Massive stars, due to their short lifetime and high energy output, drive the evolution of galaxies across cosmic time. Hence, they substantially contribute to shaping the present-day Universe. The Collaborative Research Centre (CRC) will unravel the “habitats of massive stars across cosmic time”. “Habitats” are the gaseous environments within which massive stars are born and which they interact with via their feedback. Over the anticipated 12-year lifetime of this new CRC initiative, we aim to connect the physical processes that govern the habitats of massive stars across the full range of environments hosting massive stars – from sub-parsec to mega-parsec scales and from the Milky Way to the high-redshift Universe, where massive stars leave their cosmological fingerprint by driving cosmic reionisation.
Key Profile Area
“Dynamics of the Universe”
Our universe is full of fascinating, mysterious and often surprising phenomena. Understanding and explaining this in physical terms is the task of the new key profile area Dynamics of the Universe.

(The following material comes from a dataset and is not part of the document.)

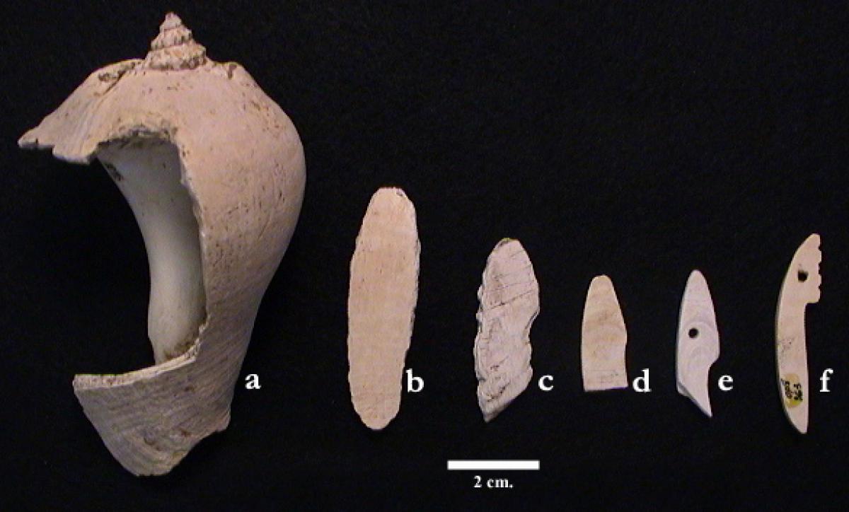 Commentary:  Sequence of manufacture of feather type beads made with shells of the species Melongena patula.

The Dynamics of the Universe key profile area establishes an excellent environment for training, early contact with current research, and exchange in international co-operations and competitions. In addition, the interdisciplinary collaboration between the fields of physics, computer science and applied mathematics will be strengthened in the long term. This is particularly important given the need to meet unprecedented challenges arising from the large amounts of observational data being generated by way of innovative ideas and algorithms, and to enable and efficiently advance complex simulations using new hardware technologies.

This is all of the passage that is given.